Matsuura, a professor in the French department at Tokyo University, is clearly comfortable in the place where the gothic and the decadent meet. On the gothic side he gives us the sinister philosopher, Koyama, who may be a master calligrapher; a damsel, Tomoe, who may be in distress; and an estate that, though in the midst of Tokyo’s shitamachi (downtown) in the mid-1990s, feels remote both in place and time and includes secret passages as well as the overheated conservatory, rank with tropical decay, where the aesthete holds forth.

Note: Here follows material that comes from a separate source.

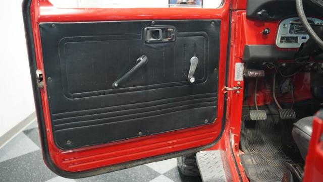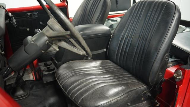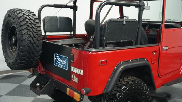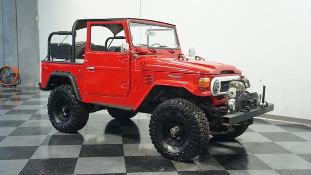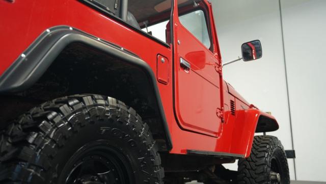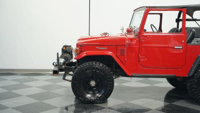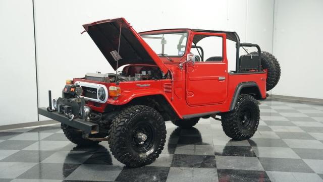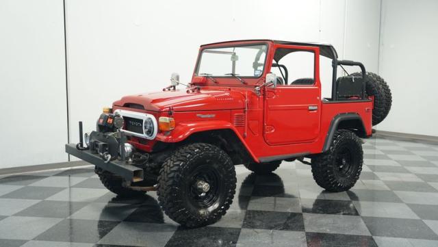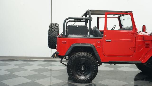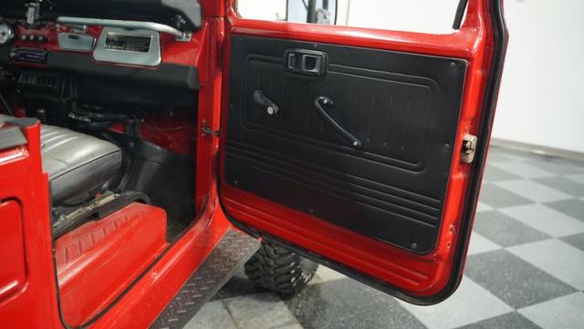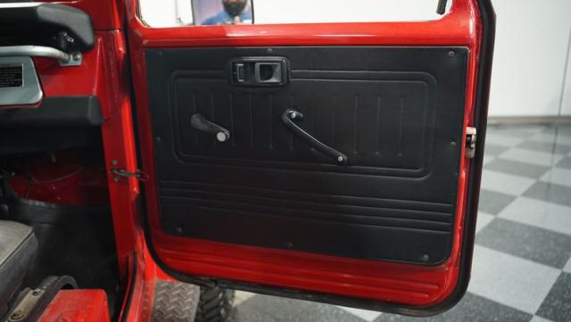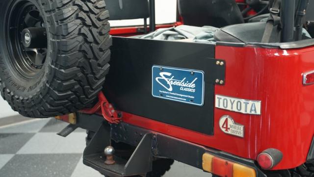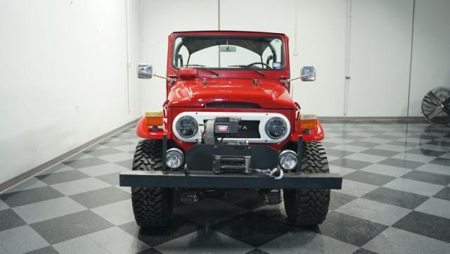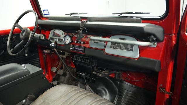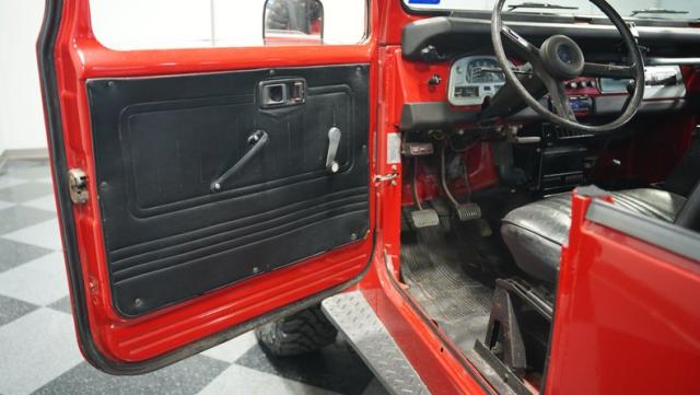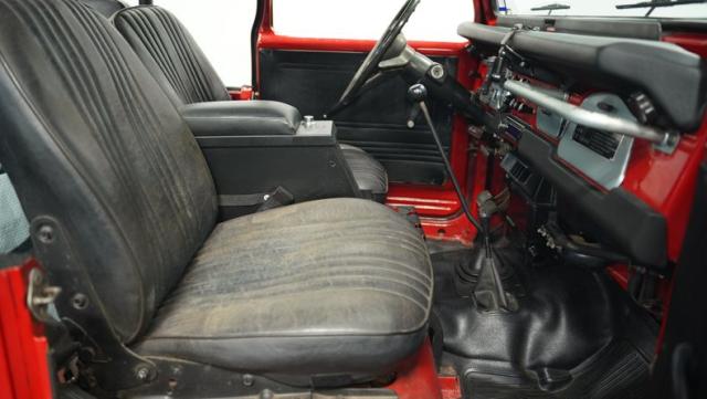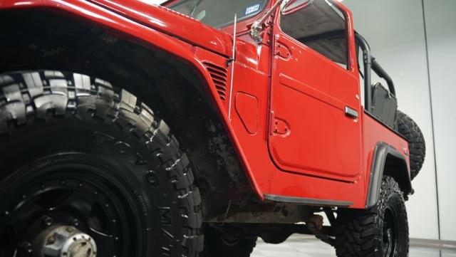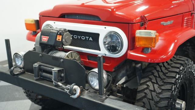 This FJ40 Land Cruiser has received over $20,000 in professional servicing over the past two years. The red paint amplifies its off-road-ready stance, elevated by aggressive Toyo Open Country 33x12.5R15LT tires mounted on 15-inch wheels. The front end features a Warn winch, ready for action. A bikini top adds versatility for open-air adventures, while the classic FJ40 body lines showcase Toyota\'s legendary design. The front bumper, lighting array, and clean windshield complete this trail-ready machine.

Decadence enters the novel in the person of the protagonist, Shun Otsuki, an enervated junkie, two years clean, whose addiction is far from being his darkest secret. He’s aimless, anonymous, and powerless, it seems, to resist the urgings of the urban tide, including the suggestion made by Sugimoto, the fellow in undershirt and boxers he runs into during “the time of evil encounters.” He lets Sugimoto take him to meet the sinister aesthete, Koyama, who apparently wants to offer him a job, but who first shows him a film in which close-ups of insects fade into scenes of the possibly distressed damsel — who may be the aesthete’s granddaughter — engaged in “less the erotic act of lovemaking than a close-up of genitals having sex.” While Otsuki watches the film he notices that, “at the exact moment that there was a close-up of the moon on the screen, outside the glass conservatory the clouds parted to reveal a real full moon.” The film, he comes to feel, is somehow dictating his life. That Otsuki is hired to complete the film which exerts such force over him adds a further twist.
The footage that Otsuki produces — Koyama tells him it will be incorporated into the genitals and insects film — seems, in an art-house sort of way, vaguely interesting. He spends a week filming Tomoe, who is floating in a tank of water, “as she hung upside down, by the crook of her knees, swinging trapeze-like as her hair trailed through the water … [and] as her face slowly emerged from under the water.” Filming her face emerge, Otsuki plunges deeper in.
“Triangle” incorporates elements of noir thrillers, but Otsuki is no detective. Detectives in the classical mode move through the city with unrelenting focus. Truth is out there, and they will find it. The mysteries they investigate will be solved. Otsuki, on the other hand, is a piece of urban flotsam tossed here and there by forces more powerful than he is, a character in a plot concocted by others. He is not, however, without agency: he does try to figure out the life he has fallen into. He tries, but he fails. Tomoe’s face never quite emerges.
Early in “Triangle” we can only believe that she is a victim of her perverted grandfather. Otsuki believes this, too, but of a later encounter with her he notes: “I was face-to-face with a beautiful girl, yet staring into the compound eyes of a filthy fly. Could these eyes really belong to a human? Up until that moment, I’d thought they were beautiful and innocent. Had I really been such an idiot all along?”
That the mysteries of “Triangle” are not easy to resolve will be, for some readers, frustrating. Others, however, will find that Matsuura’s willingness to eschew facile resolution at the novel’s end, and to allow, instead, the mystery to remain is what makes this one of those rare novels that one wants to reread as soon as the last page is turned.